Kayıp yakınları: Kürt sorununun çözümü için geçmişle yüzleşilmeli
Kayıp yakınları bu haftaki eylemlerinde Kürt meselesinin barışla sonuçlanması ve çözüme kavuşması için atılacak olan ilk adımlardan birinin geçmişle yüzleşmem olduğunu vurgulayarak, adalet taleplerini yeniledi.

Amed - İnsan Hakları Derneği (İHD) Amed Şubesi ve kayıp yakınları, “Kayıplar bulunsun, failler yargılansın” eyleminin 844’üncü haftasında Rezan (Bağlar) ilçesinde bulunan Koşuyolu Parkı Yaşam Hakkı Anıtı önünde bir araya geldi.

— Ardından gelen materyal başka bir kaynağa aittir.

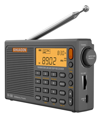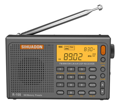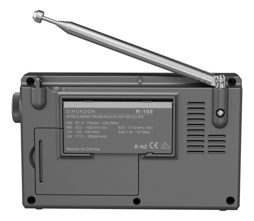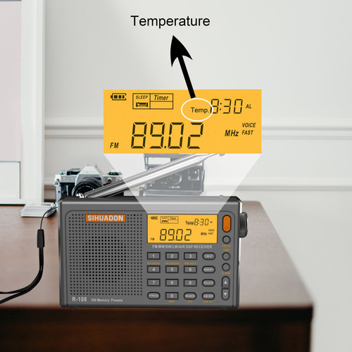 500 memórias predefinidas. 100 memórias predefinidas para cada banda FM, MW, LW, SW e AIR. O R-108 possui um display LCD retroiluminado, que é conveniente para uso noturno. A saída AUX do R-108 pode ser usada com fones de ouvido ou alto-falantes externos.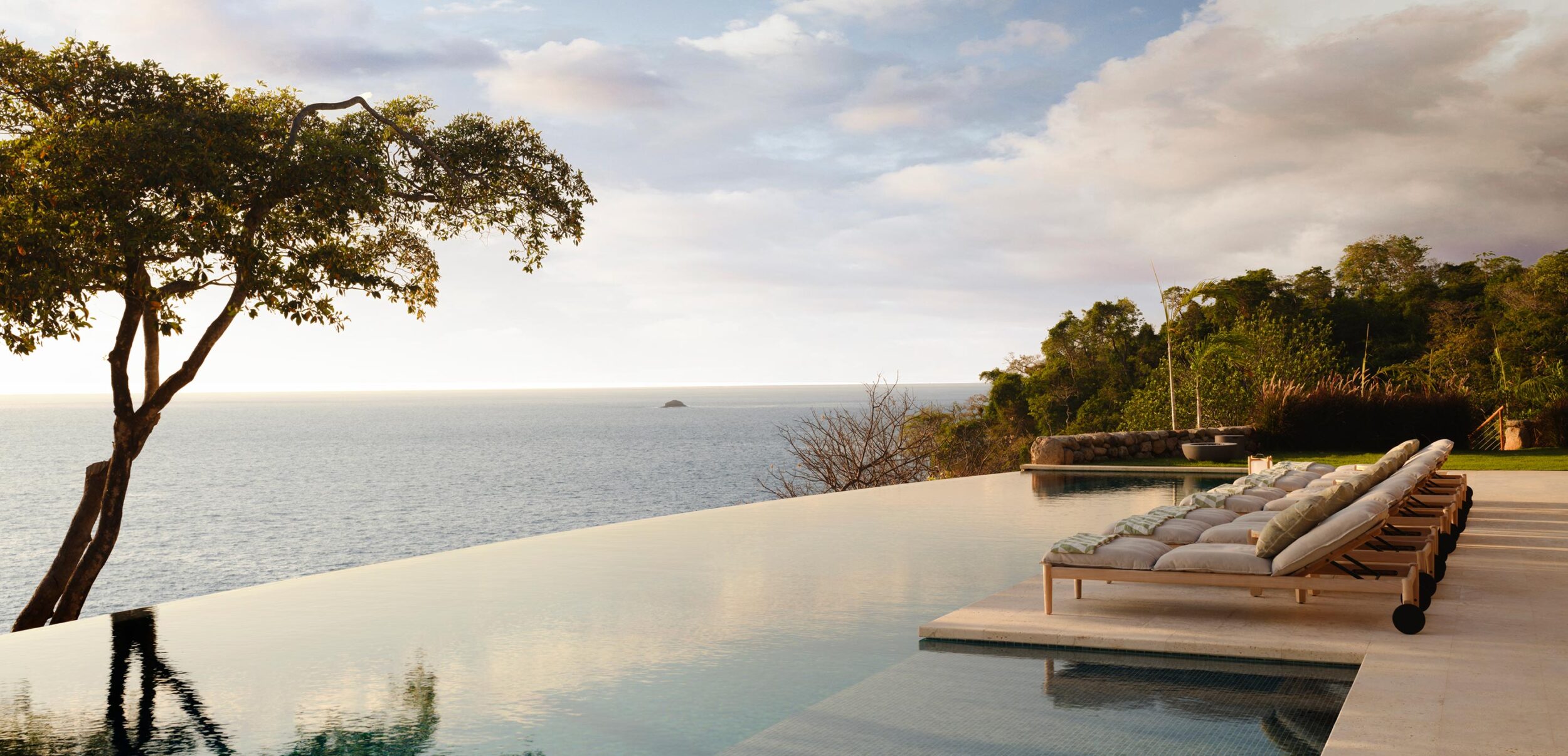 Enormes troncos de eucalipto, recolectados de forma sostenible, emergen del suelo de piedra de coral y se elevan para sostener un extraordinario tejado ondulado, diseñado en honor a la forma de una raya o de las alas de una fragata. Con techos de triple altura que enmarcan perfectamente las vistas al océano y capturan la brisa marina, cada ángulo ofrece un puesto en primera fila para contemplar el esplendor del Pacífico. Siguiendo el flujo del edificio, se llega a una piscina semiolímpica infinita, rodeada de tumbonas y un hermoso salón al aire libre bajo frescos de piedra. Una terraza comedor se extiende sobre el borde de la piscina. Esta es la casa de vacaciones de lujo que siempre ha deseado.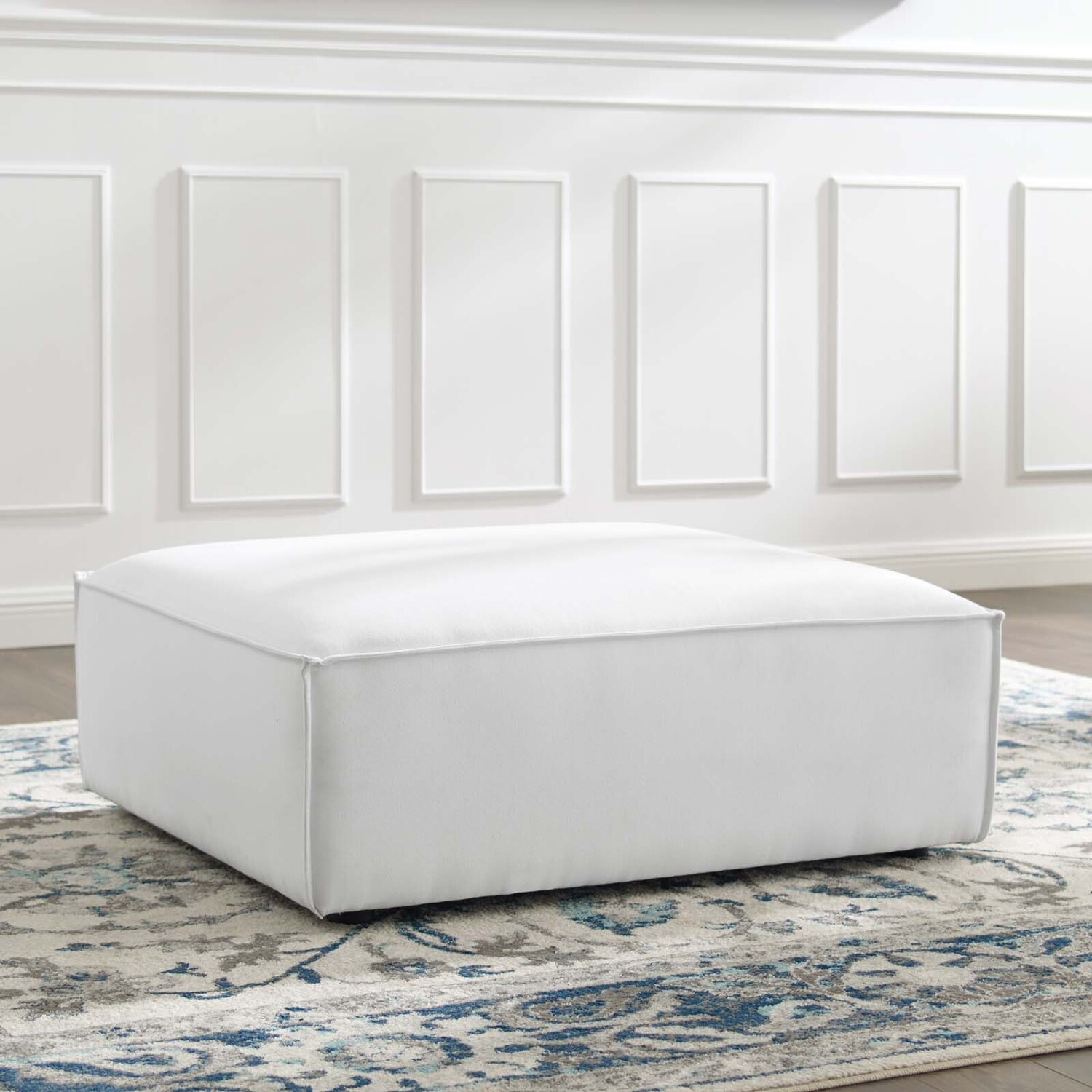 Create your custom living room and lounge area with the Restore Upholstered Fabric Sectional Sofa Ottoman. The Restore Ottoman appeals to minimalist elegance with a crisp design and broad lines accented with French piping details and polyester fabric upholstery. Dense foam padding and a pocket coil spring system in the cushions offer a luxe seating experience for your living room and lounge. The Restore Ottoman is solidly constructed from plywood and wood with non-marking foot caps to protect flooring and connectors between modular pieces. Ottoman Weight Capacity: 440 lbs.Sectional Sofa Ottoman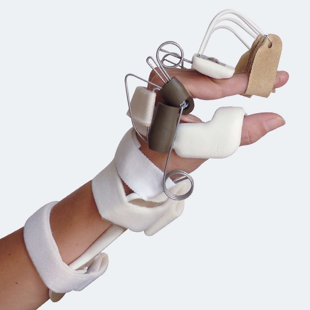 Tutore per l’estensione dinamica del polso con flessione delle metacarpo-falangee, estensione delle dita e abduzione dinamica del pollice.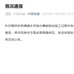 中国电建表示,针对媒体反映福建永安抽水蓄能电站施工过程中存在的质量等问题,中国电建高度重视,已成立调查组,将会同有关方面全面调查核实,依法依规处理。公司真诚感谢社会各界监督,相关调查结果将及时公布。

Kayıplara ait fotoğrafların bulunduğu pankartın açıldığı eylemde, Amed'in Farqîn (Silvan) ilçesinde 14 Nisan 1995 tarihinde gözaltında kaybedilen Ali İhsan Dağlı’nın failleri soruldu. Açıklamada İHD Amed Şube Başkanı Ercan Yılmaz uzun yıllardır Cumartesi Anneleri'nin verdiği mücadeleyi hatırlattı.
Geçmişle yüzleşme
Kürt meselesinin diyalog zemininde çözümünün en önemli adımlarından birinin geçmişle yüzleşme olduğunu belirten Ercan Yılmaz, “Zira bugün burada fotoğraflarını taşıdığını her hafta hikayelerini paylaştığımız insanlar Kürt meselesinin demokratik çözümü konusunda çalışma yürüten insanlardı. Ancak bu dava ve soruşturmalarda faillerin bulunması ve cezalandırılması geçmişle yüzleştirilmesi yerine failleri aklayan bir sistemle yürüdü ve davaların neredeyse tamamının cezasızlıkla sonuçlandı. Bizler insan hakları savunucuları olarak Kürt meselesinin barışla sonuçlanması ve çözüme kavuşması için atılacak olan ilk adımlardan birinin geçmişle yüzleşmem olduğunu ifade ederek, adalet talep ediyoruz" dedi.
İHD Amed Şubesi Kayıp Komisyonu üyesi Avukat Berfin Elçi tarafından paylaşılan Ali İhsan Dağlı’nın kaybettirilme öyküsü şöyle: "Ali İhsan Dağlı, eşi ve çocukları ile birlikte Amed’in Farqîn ilçesine bağlı Eşme köyünde ikamet eder. 14 Nisan 1995 yılında köyde güvenlik güçleri tarafından yapılan operasyon sonrası çatışma çıkar. Çatışma sonrası Ali İhsan Dağlı evinin yakınların da gözaltına alınır. Köy muhtarı Mehmet Şirin Kılıç, gözaltına alınan Dağlı’nın köyden götürüldüğüne ve sol elinden yaralandığına şahit olur. Köy muhtarının aktardıklarına göre; Dağlı önce Hişkamergê köyüne götürülür. Yarım saat burada bekletildikten sonra bir helikoptere bindirilerek Silvan Jandarma Komutanlığına götürülür. Ali İhsan Dağlı’nın köyden çıkartılırken kurşun yarasından dolayı gömleğinin kanlı oluğuna şahit olunur. Köy halkının gözü önünde gözaltına alınan Dağlı’dan bir daha haber alınmadı.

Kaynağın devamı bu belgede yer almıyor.